As for a basis, any vector in the set is of the form (x1, x2, x3, x4) but you can use the single equation, 3x1- x2- 2x3+x4= 0, to write one of those in terms of the other three. replace that one, in (x1, x2, x3, x4), by its expression as the other three, and then write it as a linear combination specific vectors with the x1, x2, etc. as coefficients.
(ii)Here I did something similar,I wrote x1^2 = x2^2 + 4*x3^2 as x1^2 - x2^2 - 4*x3^2=0
=> x,y in U where x+y =0+0=0 and a*x=a*0=0.Again If my approach is correct how cand I find basis U and dim U?
No, your approach is NOT correct. Saying that x= (x1, x2, x3) such that x1^2 = x2^2 + 4*x3^2 does NOT mean that x= 0!
(iii)take p and g two polyn from U=>(g+p)(1)=p(1)+g(1)=p'(0)+g'(0)=(g+p)(0) and (a*p)(1)=a*p(1)=a*p(0)=(a*p)(0).Same thing, If my approach is correct how cand I find basis U and dim U?
Again, all you have done in all three is
state the conditions for a subspace- that it be closed under addition and scalar multiplication. You have NOT shown that this is true for these particular subsets. In fact, that is NOT true for at least one of these sets. For ii and iii, see my suggestions for i.
I won't do your problems for you but I will give other examples:
Show that (x1, x2, x3), such that 2x1- x2+ 3x3= 0 is a subspace of R^3.
If x and y are vectors in this subspace, then we can write x= (x1, x2, x3) with 2x1- x2+ 3x3= 0 and we can write y= (y1, y2, y3) with 2y1- y2+ 3y3= 0. Are x+y= (x1+ y1, x2+ y2, x3+ y3) and ax= (ax1, ax2, ax3) also in that set? That is, do they satisfy that defining equation?
2(x1+ y1)- (x2+ y2)+ 3(x3+ y3)= 2x1+ 2y1- x2- y2+ 3x3+ 3y3= (2x1- x2+ 3x3)+ (2y1- y2+ 3y3)= 0+ 0= 0.
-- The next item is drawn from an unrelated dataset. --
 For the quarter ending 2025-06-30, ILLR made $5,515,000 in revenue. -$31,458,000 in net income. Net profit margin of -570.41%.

2(ax1)- (ax2)+ 3(ax3)= a(2x1- x2+ 3x3)= a(0)= 0 so, yes, they do. This is a subspace of R^3.
We can solve 2x1- x2+ 3x3= 0 for x2: x2= 2x1+ 3x3. That means we can write an arbitrary member of the subspace as x= (x1, x2, x3)= (x1, 2x1+3x3, x3)= (x1, 2x1, 0)+ (0, 3x3, x3)= x1(1, 2, 0)+ x3(0, 3, 1). Now can you see a basis and the dimension?
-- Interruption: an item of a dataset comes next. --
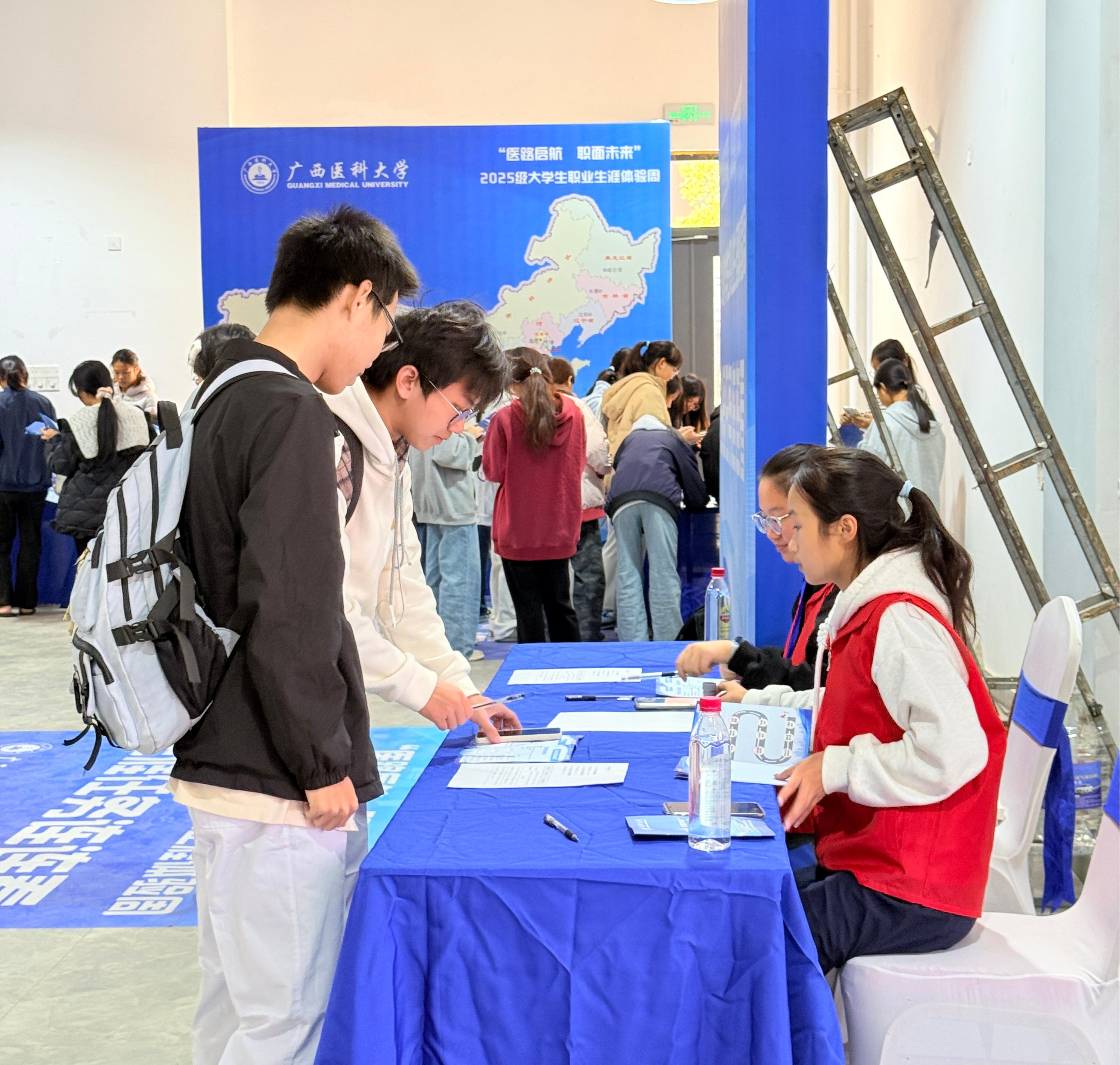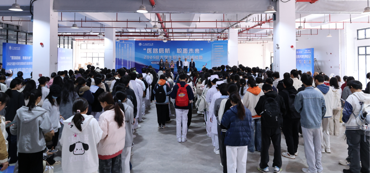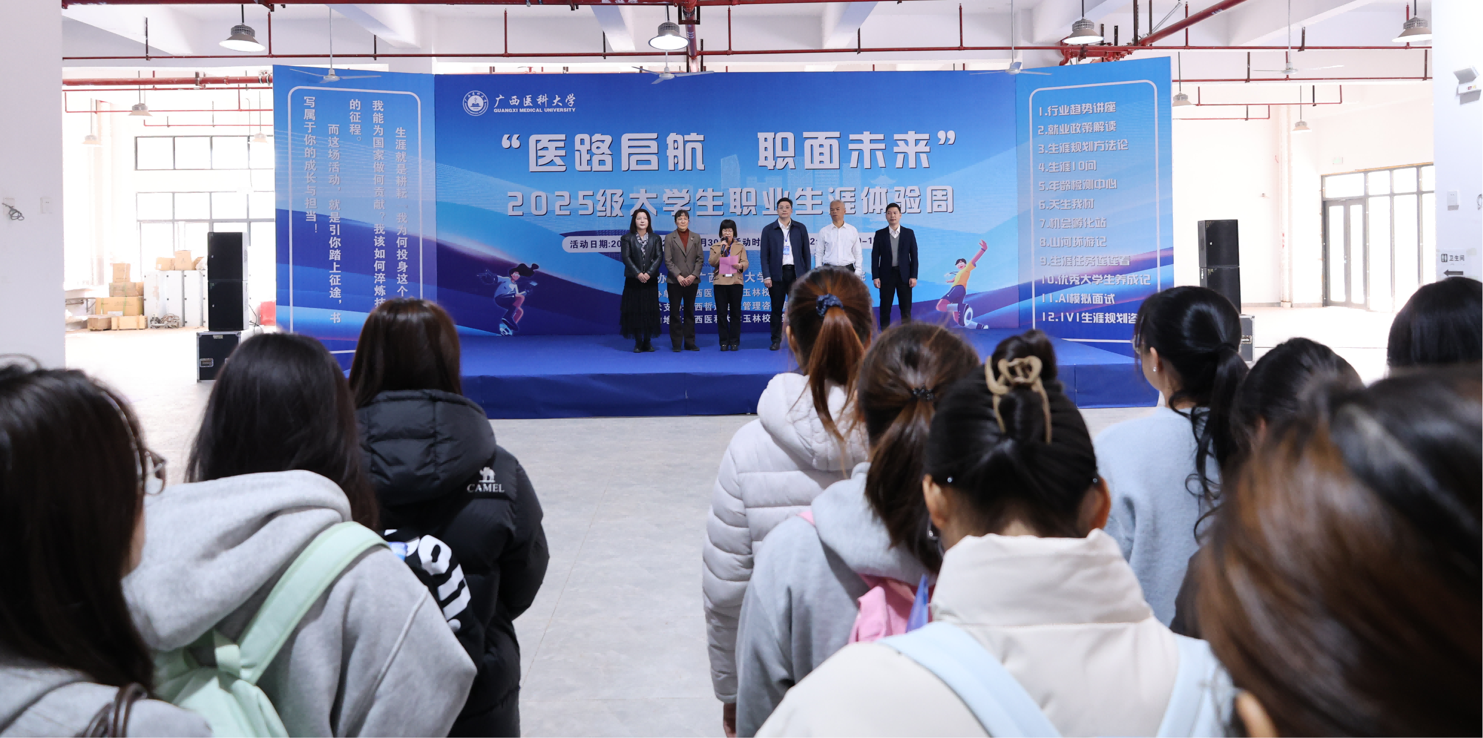11月28日,由高等职业技术学院主办、玉林校区协办的“医路起航 职面未来”2025级大学生生涯就业体验周活动在玉林校区启动。高等职业技术学院副院长莫税英一行、玉林校区招生就业办、辅导员及300多名学生代表共同参加了启动仪式。

Another example. Let U be the set of all vetors (x1, x2) in R^2 such that x1^2- x2^2= 0. Is this a subspace? Let x= (x1, x2) and y= (y1, y2) be in this set. Then x+y= (x1+y1, x2+ y2). Is this in the same set? Does it satisfy (x1+ y1)^2- (x2+ y2)^2= 0?
(x1+ y1)^2- (x2+ y2)^2= (x1^2+ 2x1y1+ y1^2)- (x2^2+ 2x2y2+ y2^2)= (x1^2- x2^2)+ (y1^2- y2^2)+ (2x1y1- 2x2y2)= (0)+ (0)+ 2(x1y1- x2y2). That is equal to 0 if and only if x1y1= x2y2 but that is NOT always true. In order to show that it is NOT always true we only need to find a counter-example.
Look at x=(1, 1) and y= (1, -1) (so that x1y1= 1(1)= 1 and x2y2= (1)(-1)= -1 are NOT equal). Both are in the set because (1)^2- (1)^2= 0 and (1)^2- (-1)^2= 0. But x+ y= (1+ 1, 1- 1)= (1, 0). Now (1)^2- 0^2= 1, not 0, so these are two vectors in the subset whose sum is NOT in the subset. This subset is not closed under addition so the subset is NOT a subspace.
Since this is not a subspace, there is NO basis and NO dimension.